Linux vs OS X (was Re: Running Win10 after end of life)
Stephen Partington
cryptworks at gmail.com
Thu May 8 10:43:18 MST 2025
For my work machine I prefer OSX, because it A) has bash wich is nice.and
B) even with the corporate Zero trust push remains stable. personally I
have gone fully linux at home and am still likely to need some level of
windows. but may be able to run it in a VM wich will be handy.
but windows has become an overt dumpster fire.

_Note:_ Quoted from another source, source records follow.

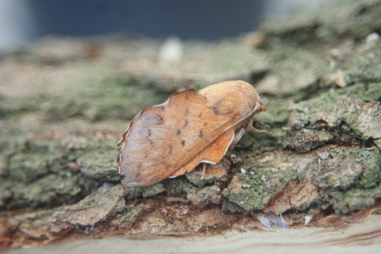 Voorvleugellengte: ♂ 15-18 mm, ♀ 18-20 mm. Deze kleine spinner heeft door de karakteristieke rusthouding en vleugelvorm veel weg van een dood blad. De door de palpen gevormde ‘snuit’ is relatief sterk naar beneden gericht. Zowel de voor- als de achtervleugel is overwegend oranjebruin van kleur. Met name de vleugelzoom is echter in meer of mindere mate vermengd met grijs en soms heeft ook de bovenkant van het borststuk een enigszins grijze tint. De centrale dwarslijnen en ook de golflijn bestaan uit losse zwarte vlekjes. Halverwege de centrale dwarslijnen ligt een kleine langwerpige middenvlek. De vleugels, vooral de achtervleugels, hebben een gekartelde achterrand en een onduidelijke donkerbruin met wit geblokte franje. Niet in rusthouding zichtbaar maar voor determinatie eveneens van belang, zijn het op de binnenste helft van de achtervleugel gelegen lichte veld en de afgeronde overgang van de gekartelde achterrand naar de binnenrand. De variatie is relatief gering. Soms komen exemplaren met een meer donkerbruine grondkleur voor. Ook varieert de hoeveelheid grijs.
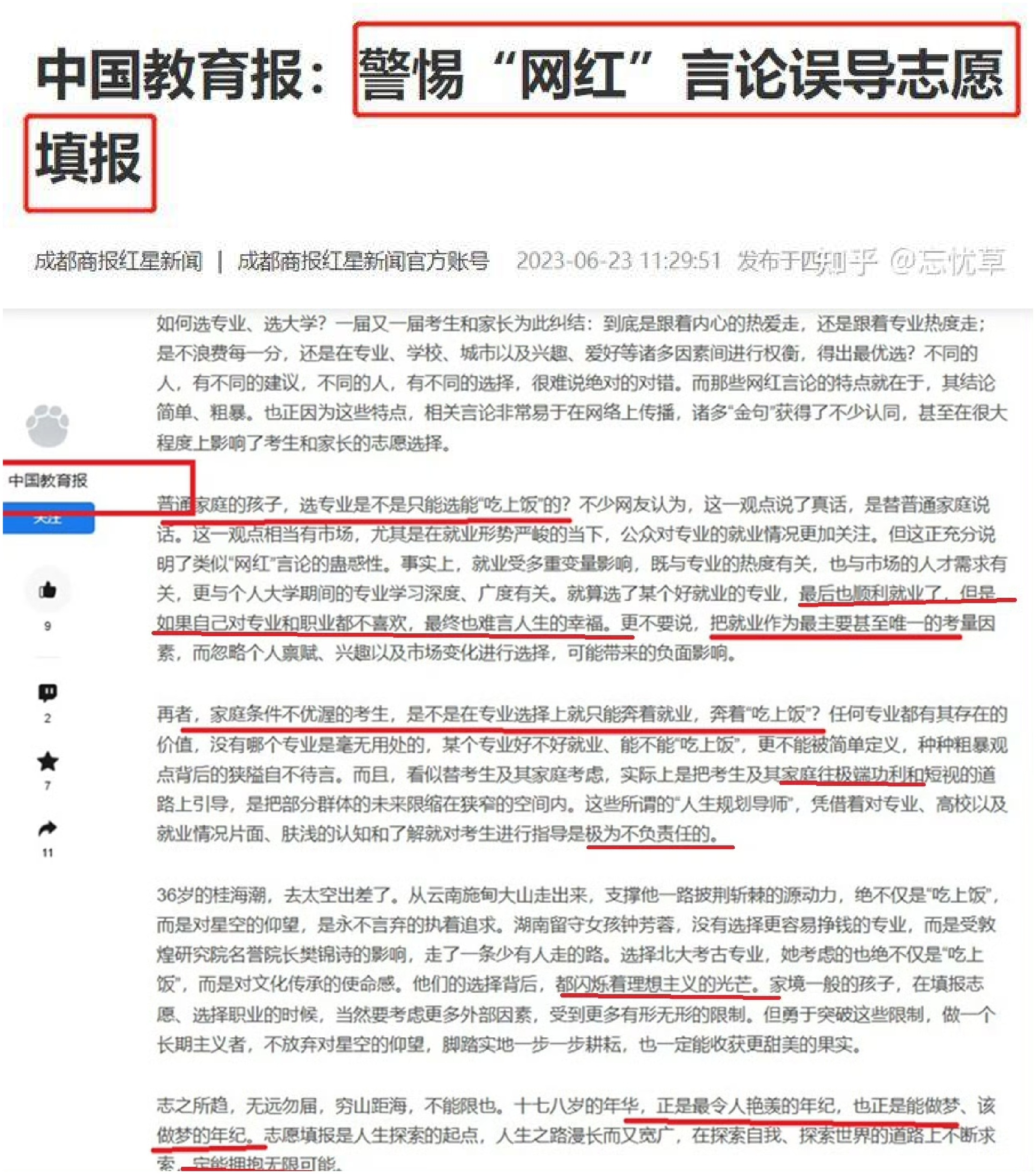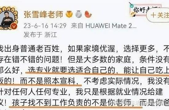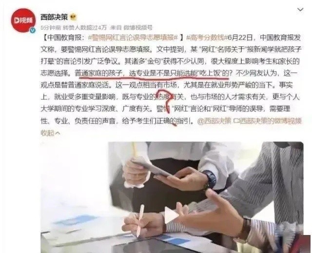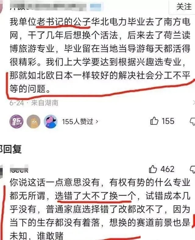 记录者 有些官媒,还是一个个大名鼎鼎的,得有多缺德才劝普通家庭孩子去学吃不上饭的专业,最后去填坑做了耗材?而他们自己的孩子却一个个默默而忠实地进了理想的大学有钱途的专业……人民群众的眼睛是雪亮的,知道谁好。
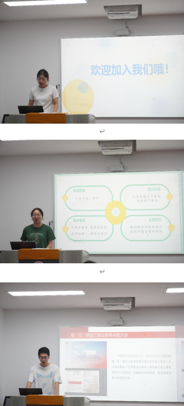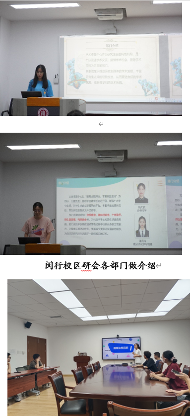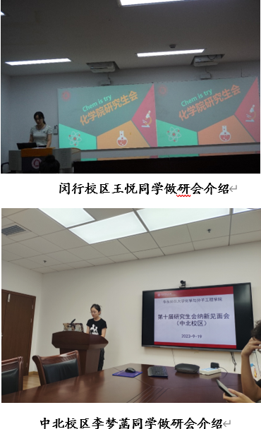 化学与分子工程学院第十届研究生会招新大会分别于9月18日19:00和9月19日18:30,在闵行校区化学楼135会议室、中北校区理科大楼B1602顺利开展。学院团委书记冯琪老师,两校区研会主席成员倪豪、王悦、李梦菡同学,两校区研会各部门骨干和有意向加入新一届的研会同学共同参与了本次会议。
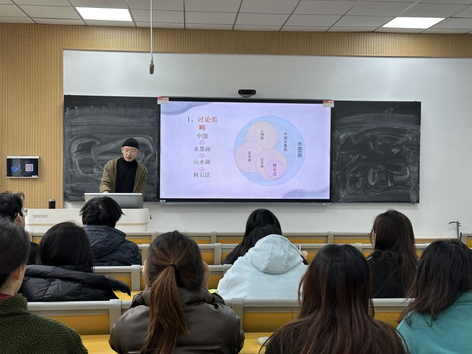 11月4日上午,为助力新教师们迅速适应教育岗位、提升教学技能,美术学院于千佛山校区二号教学楼2248教室开展了第四届“青师启航”1+1公开课活动。本次活动由青年教师于海龙主讲,讲授课程为山水画写生,刘明波教授、范萍萍老师担任导师团成员,学院副院长吴磊和部分青年教师现场观摩。
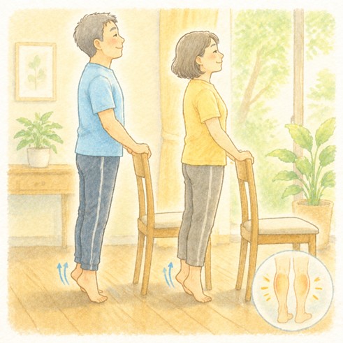 ふくらはぎは“第二の心臓”と言われます。立ったままのかかとを上げてストンと落とすだけの軽い運動で、全身のめぐりが改善します。

On Sun, May 4, 2025 at 7:18 AM Eric Oyen via PLUG-discuss <
plug-discuss at lists.phxlinux.org> wrote:
> Well, the BSD platform that OS X, XI, XII, XIII and XIV) are BSD based,
> and since that OS has many similarities to Linux (including functionality,
> apps, development environments, etc) that there is virtually little
> difference. About the only major difference is the GUI running on top
> (Apple uses Aqua whereas linux uses any of about a dozen DM’s) Also, the
> screen reader available in the apple platform is certainly well thought out
> and mostly thoroughly debugged. Linux has about a half dozen available
> screen readers (BrlTTY, Emacsspeak, Speakup and a few other command line
> variants) and ORCA for any of the GTK based DM’s (such as Gnome, FVWM and
> others). KDE is still not completely on board with ORCA as some of the API
> calls and inter-process communications calls aren’t completely compatible.
> Now, one of the very few things I like about linux is that I can use it
> remotely with a screen reader on my end (command line). I would have to set
> up Enlightenment Sound Deamon in order to port sound from any of the DM’s
> to my end (VNC and other Remote Desktop apps don’t have this facility built
> in and thus require external setup). This pretty much means that I can’t
> use OS X remotely except on command line (Also, ESD is not on the macports
> development tree or home-brew). It would be nice to have the same
> functionality of JAWS (non-free windows screen reader) that can link to a
> remote machine also running jaws. NVDA can’t do that yet. So, if I need to
> remote admin a windows box via it’s GUI, jaws is the only tool I can use.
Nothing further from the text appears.